EXERCISE PROMPT> Starting at the first line of the data, please print exactly those lines through the one that holds "- 【Instant Access", omitting every picture.

Extracted records:
- - - -

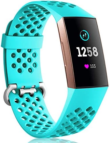 Nofeda Bands Compatible with Fitbit Charge 4 / Charge 3 / Charge 3 SE, Air Holes Breathable Sport Wristband Replacement for Fitbit Charge 3/ Charge 4 Fitness Tracker Women Men, Small, Teal
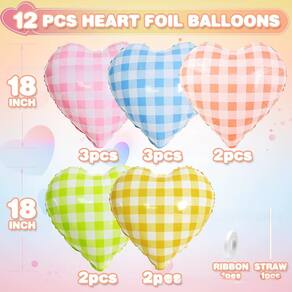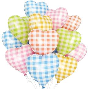 Design charmoso de guingão: apresenta um lindo padrão xadrez pastel em tons de rosa, azul, amarelo, verde e laranja, perfeito para criar uma atmosfera calorosa e alegre. Material de folha durável: feito de papel alumínio premium, leve e forte, garantindo uma inflação duradoura com ar ou hélio. Tamanho grande de 18 polegadas: design grande e atraente em forma de coração, ideal para destacar cantos de festas, mesas de sobremesas ou configurações de fotos românticas. Fácil de inflar e exibir: o design autovedante permite uma inflação rápida; pode ser amarrado com cordas ou fita adesiva para uma decoração versátil. Perfeito para qualquer celebração: ótimo para casamentos, aniversários, Dia dos Namorados, aniversários e festas temáticas com um toque doce e alegre.
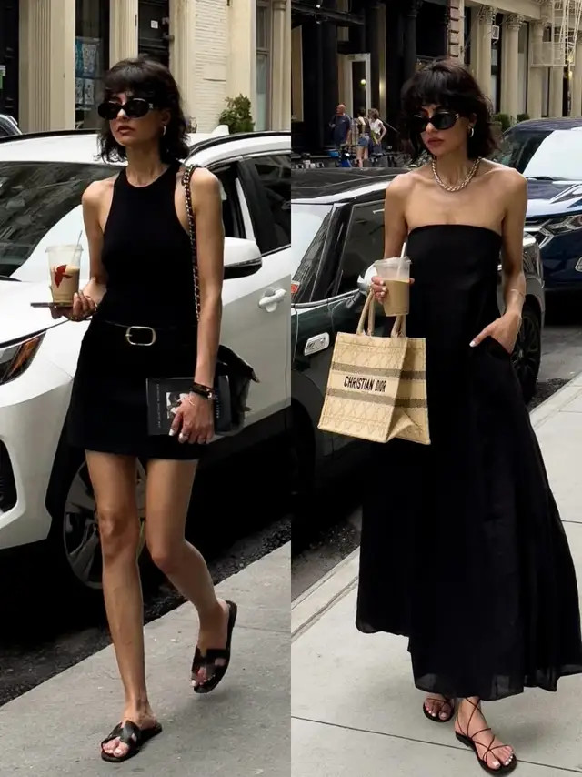 穿衣相比斗胆的女生不妨尝试孤单黑的利落玄色背心配玄色短裙,脚踩玄色凉拖鞋,表示优好意思天鹅颈与纤细手臂,小性感拿执得刚刚好。
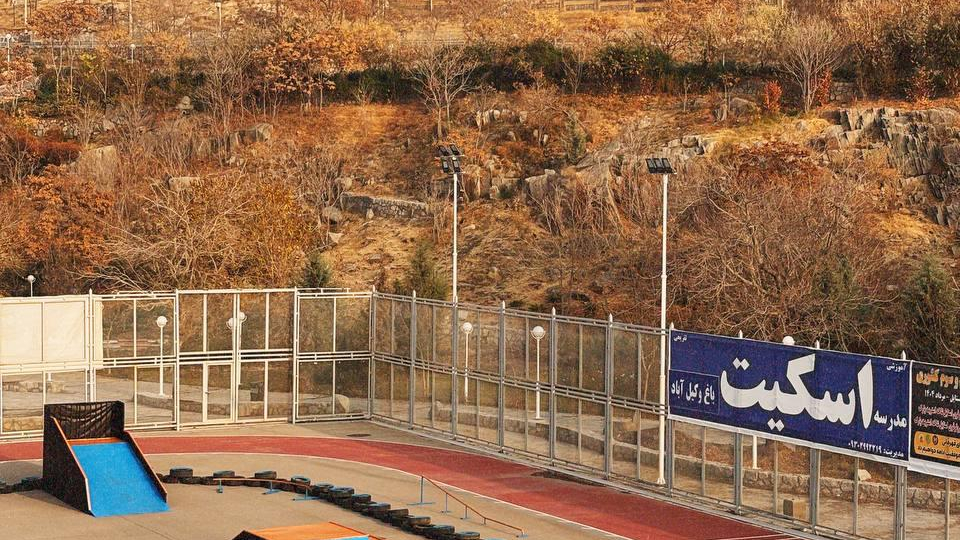 انتهای خط مترو ورودی باغ وکیل آباد بسمت پارک ازمیدان ملک پارکینگ اول سمت چپ نزدیک برج نگهبانی از پله ها ی سمت راست پارک وارد شده بسمت پایین و پیست اسکیت
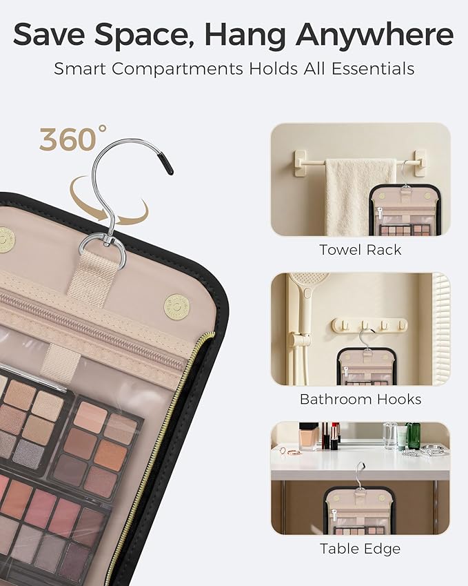- 【Instant Access Hanging System】The 360° rotating hook works on cruise ship bathrooms, gym lockers, or dorm doors. Travel hanging toiletry bag has a U-shaped double zipper design, so you can simply hang the bag on a towel rack or hook and grab your items in mid-air without having to unzip it all the way.
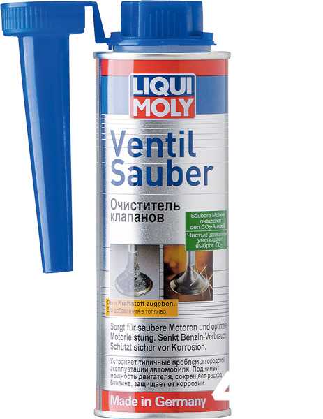 Кроме форсунок в камере сгорания есть ещё клапаны, для которых Liqui Moly рекомендует очиститель Ventil Sauber, эффективно удаляющий отложения. Эта присадка не подходит двигателям с непосредственным впрыском, зато отлично очищает обычный впрыск и карбюраторы. Кроме того, Ventil Sauber защищает топливную систему от коррозии и снижает вредные выбросы. Средство очень хорошо растворяет смолы. Важно, что при очистке гарантировано беззольное сгорание нагара, в результате чего очиститель клапанов совместим как с катализаторами, так и с турбонаддувом. Флакона в 250 мл достаточно на 75 л топлива, но заливать присадку нужно в бак, наполненный не менее чем наполовину.
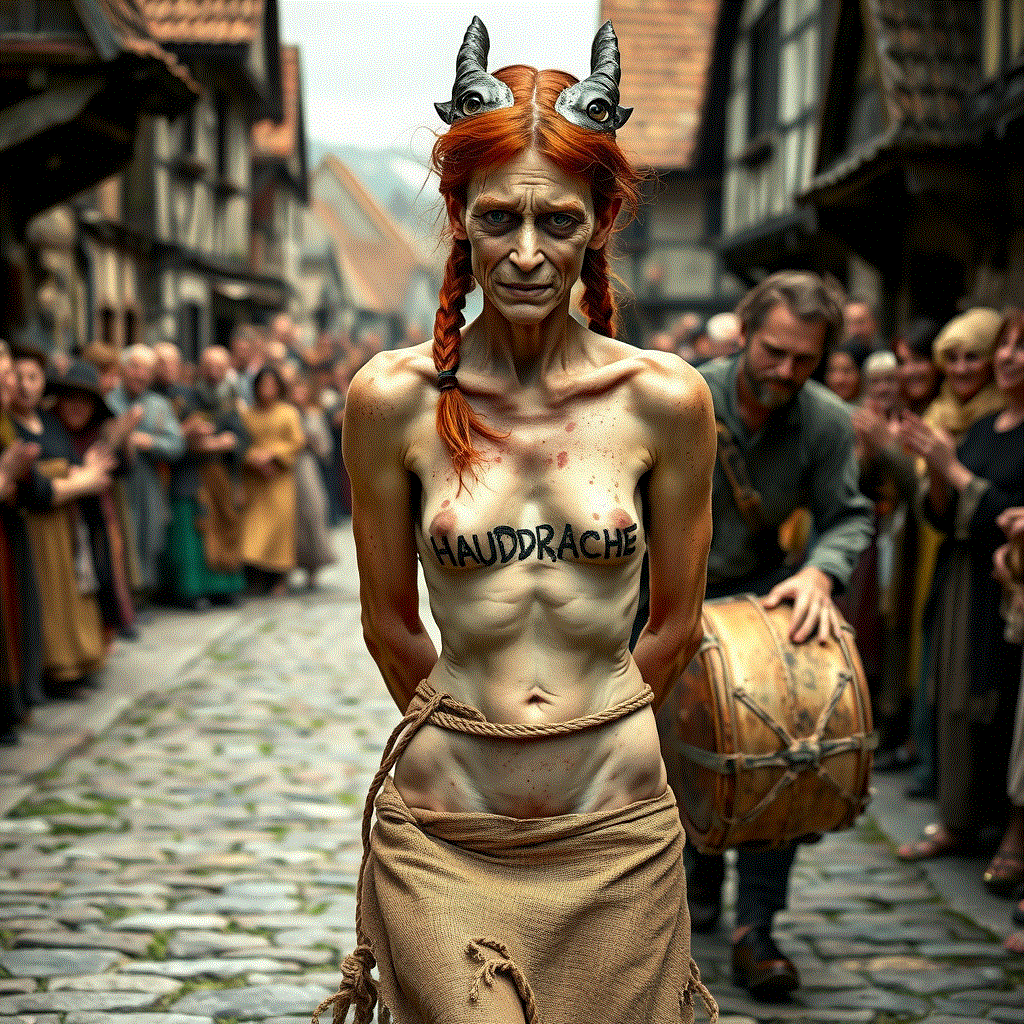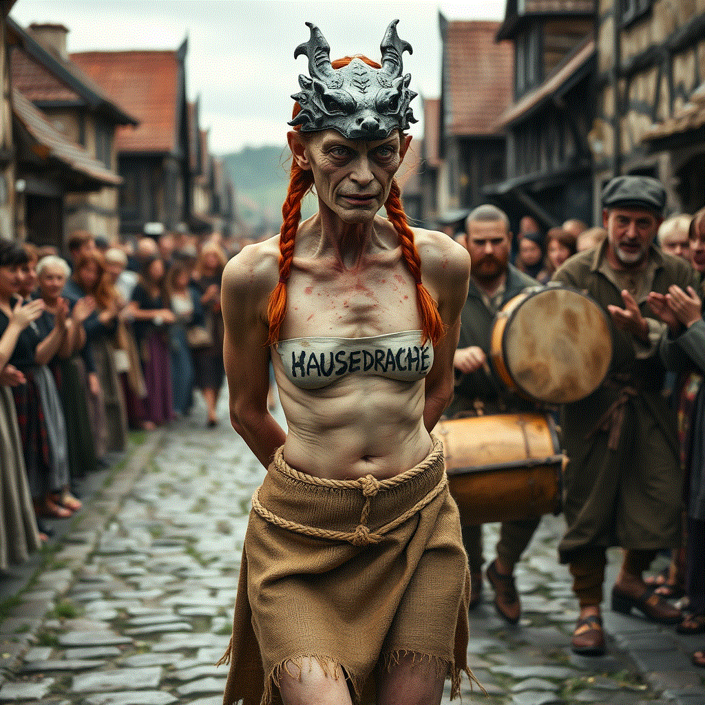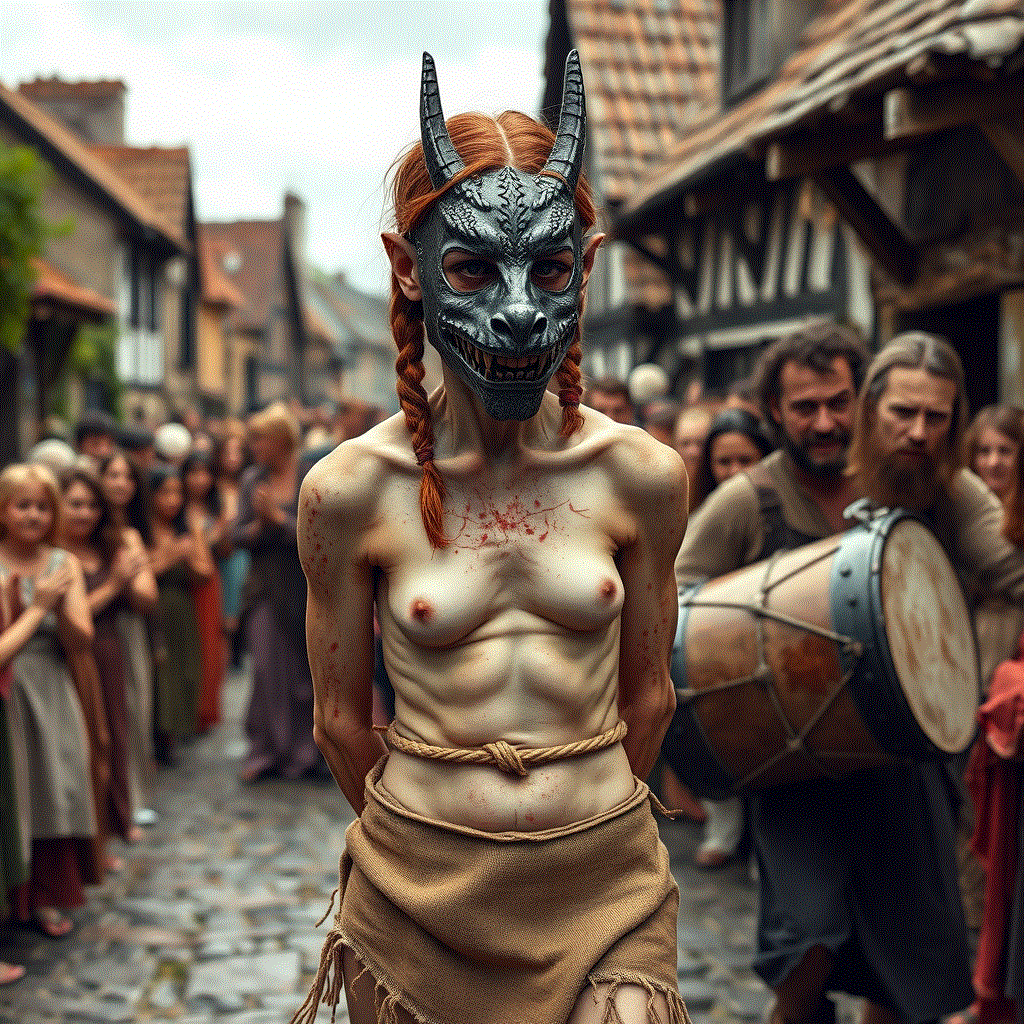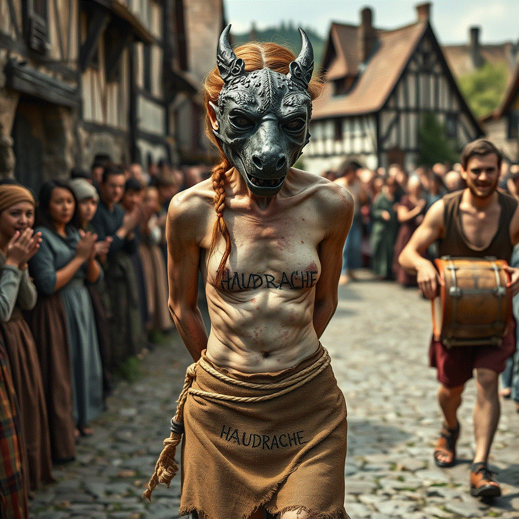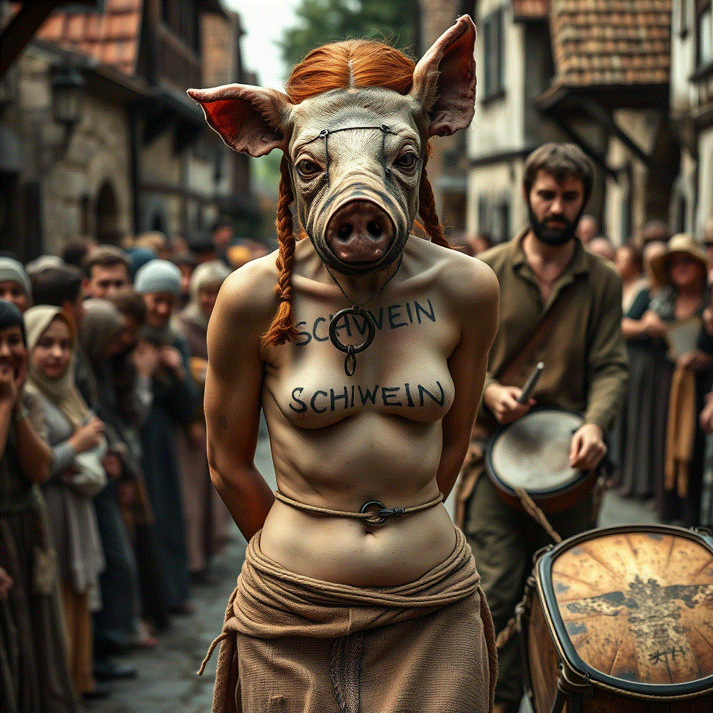 Convicted of being swinish or pig like the Shwein Frau would be forced to wear the face of a pig, the skin cut from a slaughtered swine and stretched over her own visage. The stinking, rotting mask encases her head. She stumbles along clumsily, peering out through the eye holes. Her arms are bound behind her back. Her jeering neighbors drive her along with willow switches and bunches of brambles.
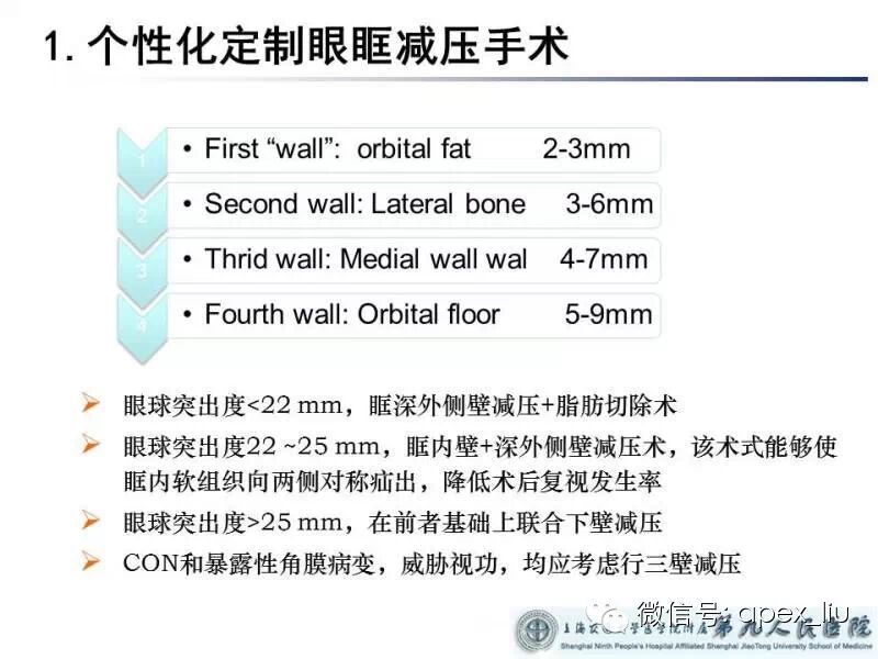 眼眶减压手术已经进入了个性化设计的时代。优先选择的减压顺序是:眶脂、外侧壁、内侧壁、眶底。参考患者眼球突出度等指标,个性化定制手术方案。
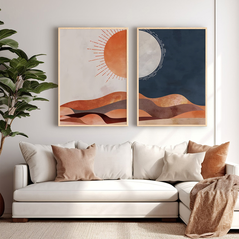 Let the warmth of earthy tones and the primordial calm of the desert fill your space. The Lebrano diptych is not just decoration; it is an aesthetic statement that depicts the cycles of nature (sun/moon, day/night) over a minimal, abstract dune landscape. Every time your gaze falls on the warm terracotta-orange tones and the deep blue, you feel a sense of balance, spiritual calm, and tropical luxury. The artwork symbolizes the eternal cycle, stability, and the subtle charm of modern Bohemian style.
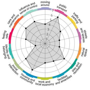Previous Image Next Image generic-place-wheel The Place Standard wheel shows how people scored different aspects of their area. 1 being very poor, 7 being excellent.
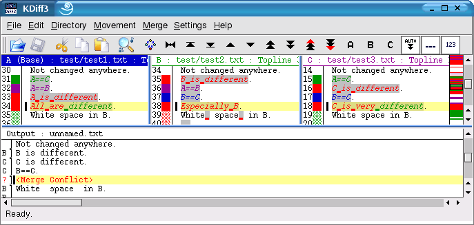 KDiff3 內建了強大的自動合併功能,能自動處理無衝突的變更,大幅節省手動操作時間。
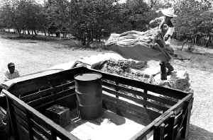 Durante los trabajos para recolectar costales en una bodega de frijol ubicada en Estación Nanchi Ť Foto: Tomás Bravo

- - - -

TASK RESULT>
 Nofeda Bands Compatible with Fitbit Charge 4 / Charge 3 / Charge 3 SE, Air Holes Breathable Sport Wristband Replacement for Fitbit Charge 3/ Charge 4 Fitness Tracker Women Men, Small, Teal
 Design charmoso de guingão: apresenta um lindo padrão xadrez pastel em tons de rosa, azul, amarelo, verde e laranja, perfeito para criar uma atmosfera calorosa e alegre. Material de folha durável: feito de papel alumínio premium, leve e forte, garantindo uma inflação duradoura com ar ou hélio. Tamanho grande de 18 polegadas: design grande e atraente em forma de coração, ideal para destacar cantos de festas, mesas de sobremesas ou configurações de fotos românticas. Fácil de inflar e exibir: o design autovedante permite uma inflação rápida; pode ser amarrado com cordas ou fita adesiva para uma decoração versátil. Perfeito para qualquer celebração: ótimo para casamentos, aniversários, Dia dos Namorados, aniversários e festas temáticas com um toque doce e alegre.
 穿衣相比斗胆的女生不妨尝试孤单黑的利落玄色背心配玄色短裙,脚踩玄色凉拖鞋,表示优好意思天鹅颈与纤细手臂,小性感拿执得刚刚好。
 انتهای خط مترو ورودی باغ وکیل آباد بسمت پارک ازمیدان ملک پارکینگ اول سمت چپ نزدیک برج نگهبانی از پله ها ی سمت راست پارک وارد شده بسمت پایین و پیست اسکیت
- 【Instant Access Hanging System】The 360° rotating hook works on cruise ship bathrooms, gym lockers, or dorm doors. Travel hanging toiletry bag has a U-shaped double zipper design, so you can simply hang the bag on a towel rack or hook and grab your items in mid-air without having to unzip it all the way.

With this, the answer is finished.